Hunter’s eight-page introduction to Idyll 7 remarks on the rarity of “first-person narratives of past events not embedded in a wider context,” draws comparisons with Plato’s Lysis and Phaedrus, considers the identity and role of Simichidas and Lykidas, notes that the meeting with Lykidas is modelled on Homeric meetings, addresses the “city-country” theme, comments on “echoes of the proem of Hesiod’s Theogony, and gives a map of Cos. To the list of Modern discussions and to the bibliography add: Mark Andreas Seiler, Poiesis poieseos: Alexandrinische Dichtung kata lepton in strukturaler und humanethologischer Deutung, Stuttgart and Leipzig, 1997, which has a long and important discussion of Idyll 7 from the perspective of intertextuality.

What he chooses to comment on, and at what length, is of course the most crucial decision for a commentator. And no two people will agree. But does the knowledge that the name Amyntas is very common but is not yet attested on Cos (l. 2) advance our understanding of the Thalysia? Does the prosopographical excursus on certain Coan nobility (ll.4-7)? Whether the spring, Bourina, flowed from a bull’s muzzle, and whether it was created by a knee, do we need a page on Bourina (l. 6)? Does the identification of the mound (l. 10) with “a small hill (modern ‘Mesovouno’)” affect our reading of the poem, whether it is right or wrong? Is it helpful, in a commentary with a literary bias, to learn that the wild olive (l. 18) “is smaller, bushier and much less valuable than the cultivated version”? On the other hand, couldn’t one spare a line or two to note that midday (l. 21) is a favourite, and dangerous, time for meeting a god, especially if Lykidas is Apollo, a view Hunter seems to favour?

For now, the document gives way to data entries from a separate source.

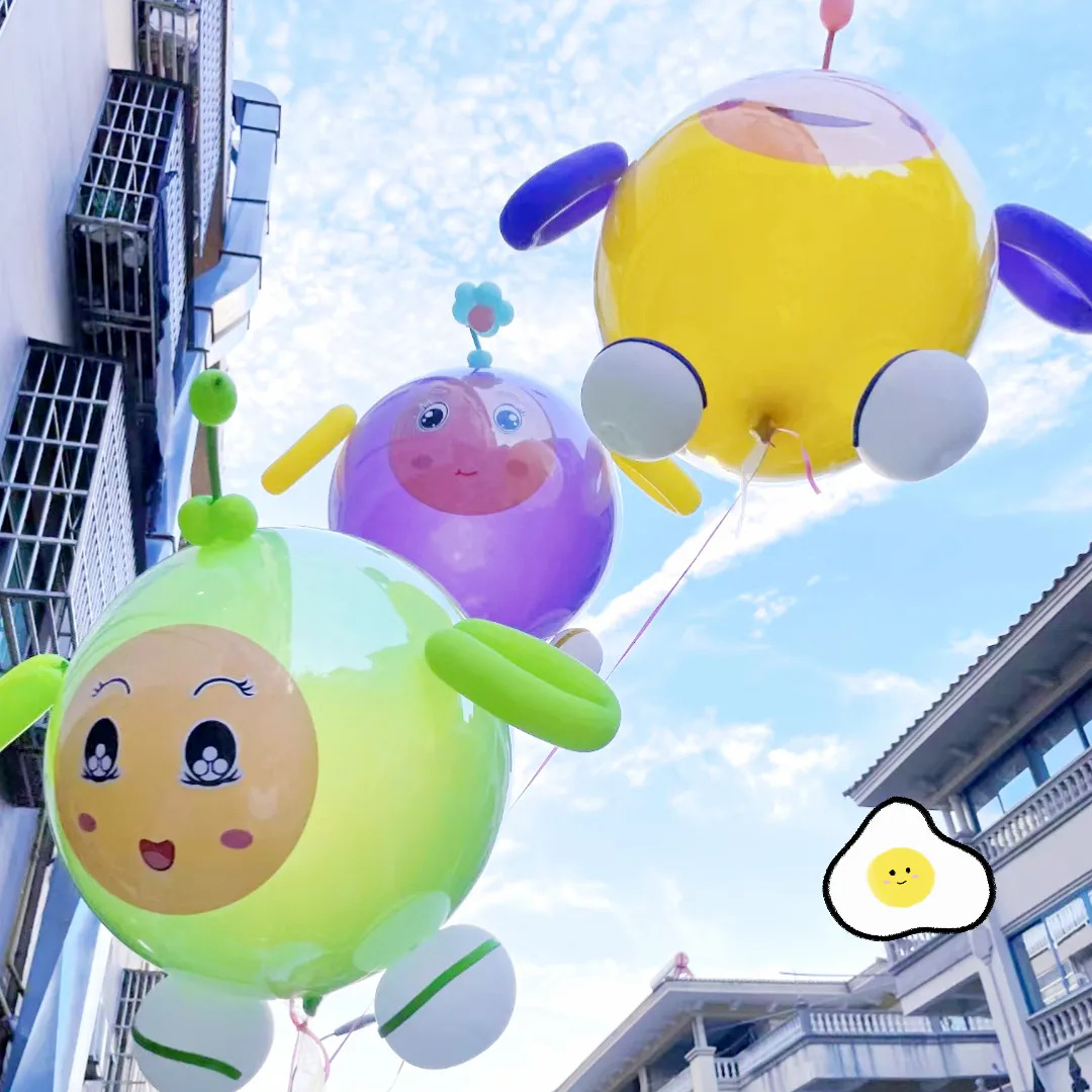 18寸蛋仔气球自带表情气球乳胶气球蛋仔派对手工制作diy材料包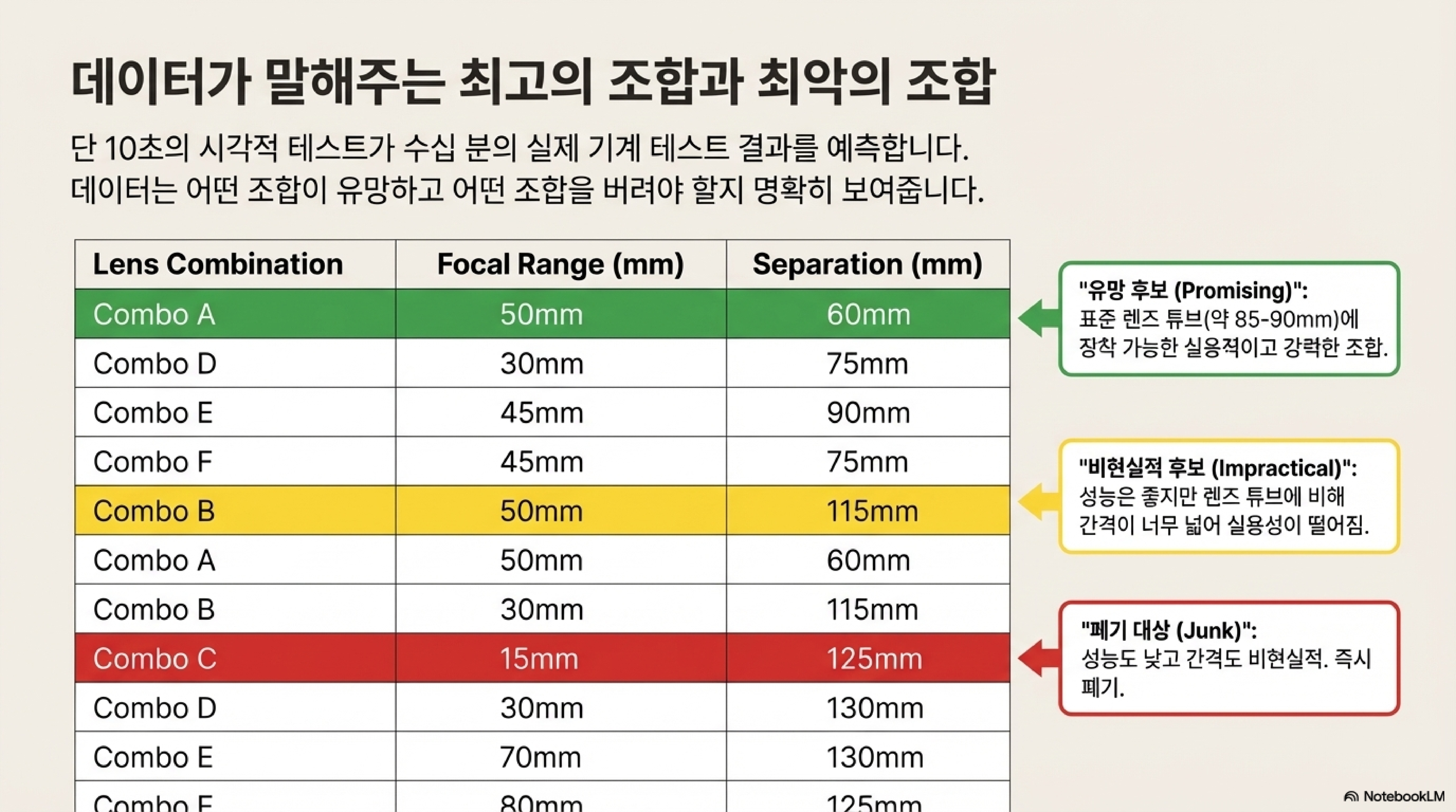 이론적으로 가장 좋은 결과가 항상 현실에서 가장 실용적인 해결책은 아니라는 중요한 교훈도 얻었습니다. 예를 들어, 50mm라는 훌륭한 초점 범위를 가진 렌즈 조합을 찾았지만, 렌즈 사이의 간격이 115mm나 필요했습니다. 일반적인 레이저 커터의 렌즈 튜브 길이가 약 85~90mm인 것을 감안하면, 이 조합은 물리적으로 장착이 불가능했죠. 반면, 똑같이 50mm의 초점 범위를 가지면서도 렌즈 간격이 60mm에 불과한 실용적인 조합도 있었습니다. 이 조합은 표준 렌즈 튜브에 편안하게 장착할 수 있었죠. 한편, 15mm라는 짧은 초점 범위에 125mm의 간격이 필요한 조합은 그야말로 "쓰레기"였습니다. 이 경험을 통해 저는 성능 수치뿐만 아니라 실제 장비에 적용 가능한지 여부를 함께 고려하는 엔지니어링의 트레이드오프(trade-off)를 체감할 수 있었습니다.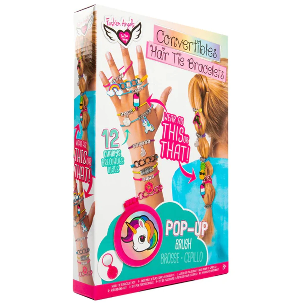 Kids can create cute and trendy hair ties with this Fashion Angels Convertibles Hair Tie Bracelet Kit! They can design and make up to 12 hair tie bracelets accented with charms, beads or chains; the choice is theirs. With this amazing kit, they can create cool combinations to wear both on their wrist and in their hair. They can share them with friends and use the included travel friendly pop-up brush and mirror to make sure their hair is on point! Includes: assorted beads (18g), 12 charms, 6 chain links, 8 colours of elastic cord, 15 silicone closures and instructions. Suitable for ages 8+.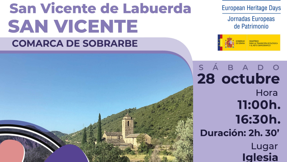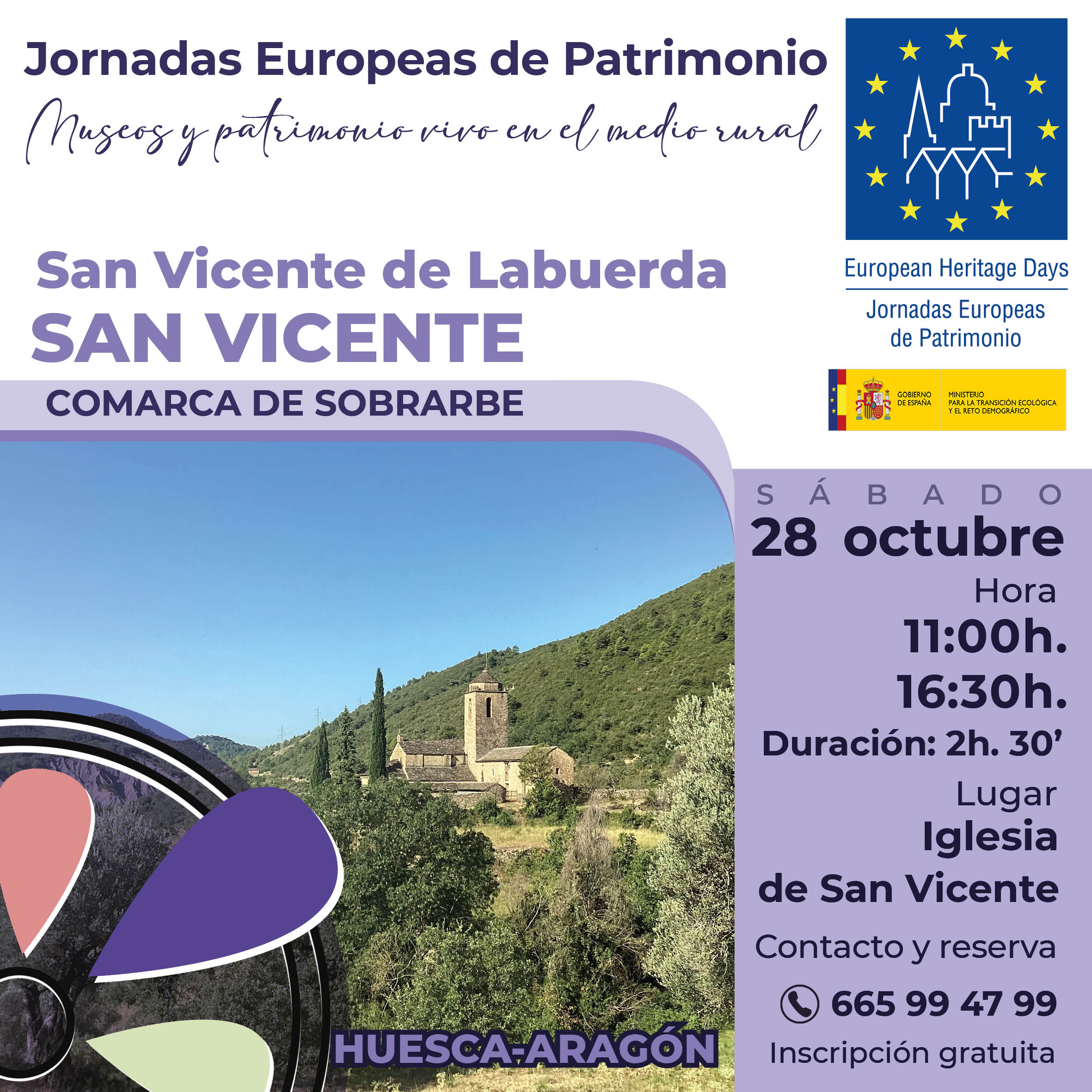 El conjunto eclesiástico de San Vicente de Labuerda, integrado por la iglesia románica, la abadía, el esconjuradero y el cementerio es el principal monumento de la población, de la que se encuentra apartado, emplazado en un altozano. La abadía, o casa del cura, fue restaurada en 2018 y en ella se conserva una pequeña colección de arte sacro. Para comprender este conjunto y la influencia que tuvo en la configuración de este territorio debemos posar nuestra mirada en el paisaje que lo rodea, recorrer los caminos que lo comunican con las ermitas de San Miguel y de San Visorio y visitar el pueblo de San Vicente. Fecha: 28 de octubre. Reserva imprescindible en el 665994799- 625412041 Horario: Mañana. 11 h Tarde: 16:30 h Duración de la actividad. Dos horas y media. Se recomienda llevar calzado cómodo y bebida.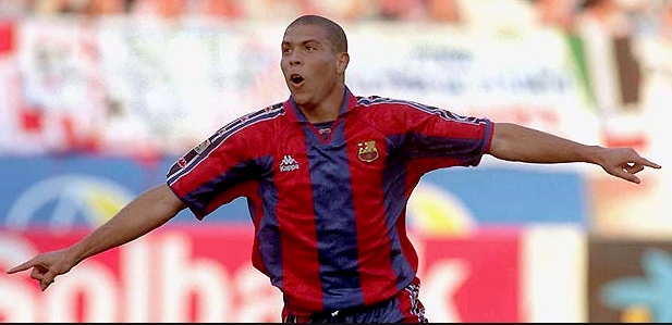 El auténtico 'Fenómeno' del fútbol brasileño. Ronaldo Luis Nazario da Lima, simplemente Ronaldo, fue fichado por el Barça de José Luis Núñez en 1996. Sólo estuvo una temporada en el equipo catalán, en la que logró 34 goles en 37 partidos. Tras obtener el FIFA World Player, ya con la camiseta del Barça, ganó la Copa del Rey, la Recopa de Europa, la Supercopa de España y acabó subcampeón de la Liga. Su gol al Compostela fue sencillamente antológico, de lo mejor de la historia del fútbol español.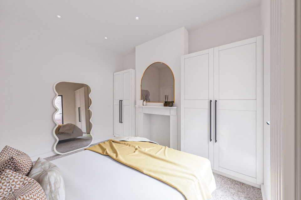 From the communal hall your own front door is set to your left. On your immediate left on entry is the large principal bedroom, with a pleasing bay window. Adjacent is a second generous bedroom. This has a glazed door to a cute courtyard.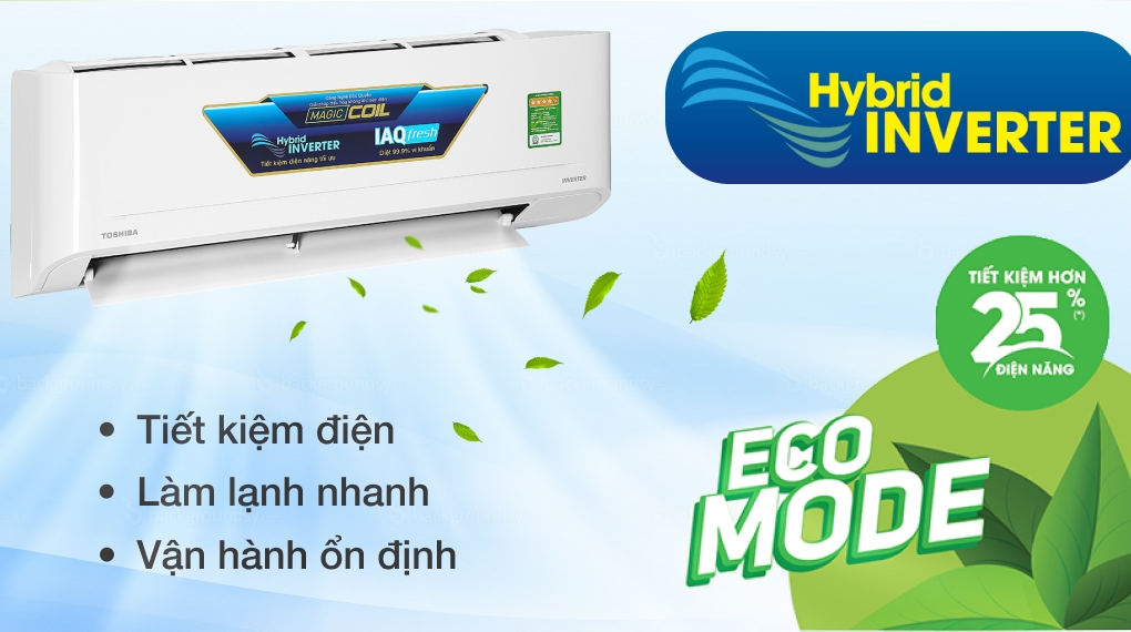 Máy lạnh Toshiba Inverter 1.5 HP RAS-H13C3KCVG-V kết hợp công nghệ biến tần Hybrid Inverter, máy nén với động cơ DC Twin Rotary với trục quay đôi cung cấp hiệu suất làm lạnh cao, vận hành êm ái, tiết kiệm năng lượng lên đến 60%. Chế độ ECO giúp tiết kiệm điện năng đến 25%, giúp làm lạnh hiệu quả và thân thiện với môi trường.

Hunter is good on the mockery in Lykidas’ words (pp. 158f.) But does it enhance our impression of Oromedon (= Mt Dikeo), or of Apollo who has this epithet, to be told that “the name also occurs as that of an initiate at Samothrace …”? We learn the capacity of Mytilene’s southern harbour, the features of its northern (l. 61), but there is no mention of the harbour as erotic metaphor. “The imagined location of Phrasidamos’ farm has been much debated (l.132).” I doubt that this exercise in ‘virtual geography’ will help fix the “boundaries of the Haleis deme” let alone the meaning of the poem. It is perhaps reasonable for a commentator to dump his full load in a scholarly commentary on the complete works such as Gow’s, but not here. I don’t think that students will appreciate having to sift through so much curious lore for what they really need.

[Seiler suggests that ἔτος ὥριον (l. 85) is object of the verb, not accusative of duration of time, as Hunter and apparently everyone else takes it. I fail to see the problem of Pan heading in the wrong direction (ll. 111f.), since in these lines the poet wishes him ill for his lack of cooperation.]

If Hunter had been more selective in choosing topics for comment and had exercised more control over the extent of his comments, he would have been able to include a few more poems. As Corinna advised the young Pindar: Sow by hand, not by bushel. Hunter’s commentary certainly has attractive features, but one might still choose Dover’s text to provide the student with basic help, and supply the literary analysis himself or otherwise.